Each week as part of SunLit — The Sun’s literature section — we feature staff recommendations from book stores across Colorado. This week, the staff from Explore Booksellers in Aspen recommends a memoir on motherhood, a book on mushroom capitalism and newly translated ruminations on Rome.
The Motherload
By Sarah HooverSimon & Schuster$29.99January 2025Purchase
From the publisher: “The kid was objectively a tiny worm, even worse, a worm with my nose.” Welcome to Sarah Hoover’s candid take on motherhood where she turns the ecstatic narrative women have been fed—one of immediate connection to your child followed by a joyful path of maternal discovery—on its head.
Like most of us, Sarah Hoover grew up imagining a certain life for herself, and when she moved from Indiana to New York City to study art history, the life she’d imagined began falling into place. She got her degree in art history, landed a job in a gallery, made friends, and met interesting artists, one of whom became her husband. But when Hoover got pregnant, everything in her life began to unravel.
At its core, “The Motherload” is about learning to forgive yourself. It’s a rejection of the cultural idea of the mother as a perfect being. And it’s an honest, propulsive, and often funny take on the vicissitudes of marriage, life, and parenting—a motherhood memoir unlike any other.

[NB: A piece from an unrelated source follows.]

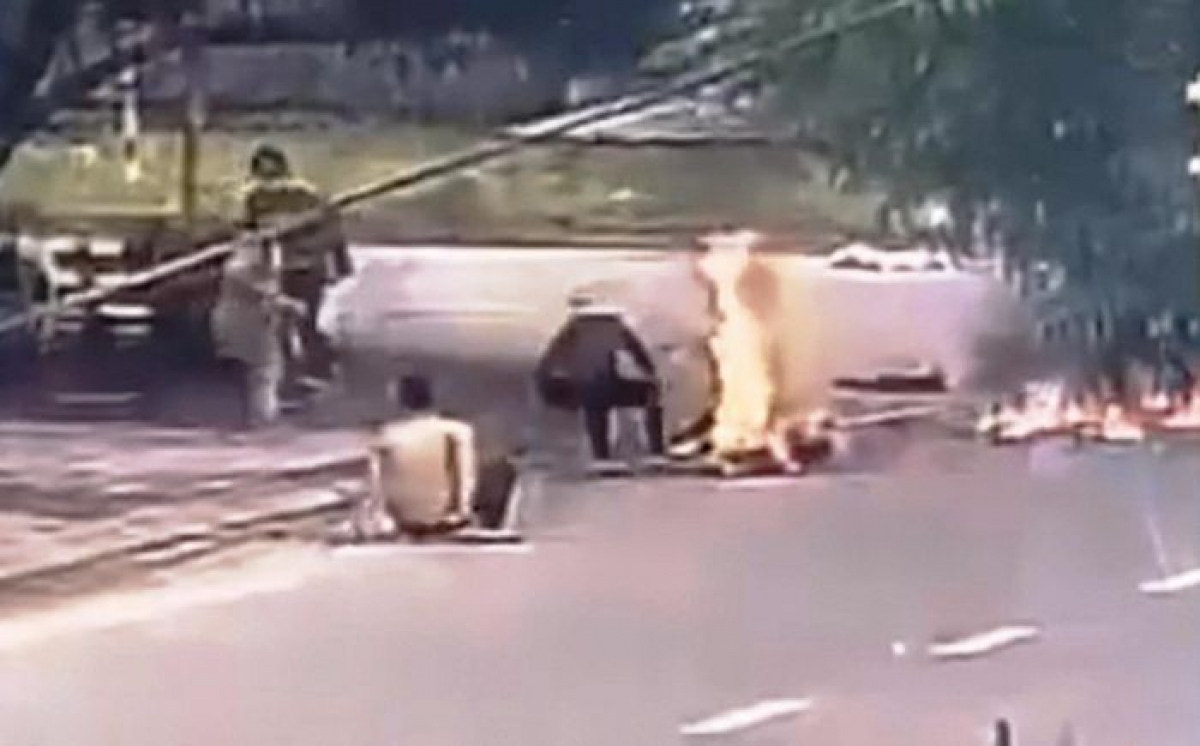 Những ngày qua, mạng xã hội lan truyền đoạn clip ghi lại hình ảnh một số người xô xát với nhau. Sau đó, một cô gái được cho là đã bị nhóm người tạt xăng rồi châm lửa đốt ngay trên đường. Sau khi bị tạt xăng đốt, cô gái bị ngọn lửa bao trùm, liên tục giãy giụa. Một số người có mặt đã cố gắng dập tắt ngọn lửa trên người nữ nạn nhân. Khoảng 20 giây sau thì ngọn lửa mới được dập tắt, nạn nhân nằm gục và được mọi người đưa đi bệnh viện cấp cứu.

From Jenny Douglass, staff: “The Motherload” is a relatable memoir about author Sarah Hoover’s challenging experience with the identity of Motherhood and struggling through severe postpartum depression. As an art historian and partner to a well-known artist, Sarah has a different life experience than those of us who work in bookstores, but the way she writes about how hard it was for her to sort through her feelings about motherhood, marriage, and her identity made me feel like we were the closest of friends. Recommended for anyone who’s ever felt like being a mom isn’t all sweetness and instant, unwavering love. You’ll want to meet Sarah in person after reading this, so head on up to Explore Booksellers in Aspen on Feb. 15 at 4 pm to say hi.
The Mushroom at the End of the World
By Anna Lowenhaupt TsingPrinceton University Press$18.95June 2021Purchase
From the publisher: Matsutake is the most valuable mushroom in the world—and a weed that grows in human-disturbed forests across the northern hemisphere. Through its ability to nurture trees, matsutake helps forests to grow in daunting places. It is also an edible delicacy in Japan, where it sometimes commands astronomical prices. In all its contradictions, matsutake offers insights into areas far beyond just mushrooms and addresses a crucial question: what manages to live in the ruins we have made?A tale of diversity within our damaged landscapes, “The Mushroom at the End of the World” follows one of the strangest commodity chains of our times to explore the unexpected corners of capitalism.
By investigating one of the world’s most sought-after fungi, “The Mushroom at the End of the World” presents an original examination into the relation between capitalist destruction and collaborative survival within multispecies landscapes, the prerequisite for continuing life on Earth.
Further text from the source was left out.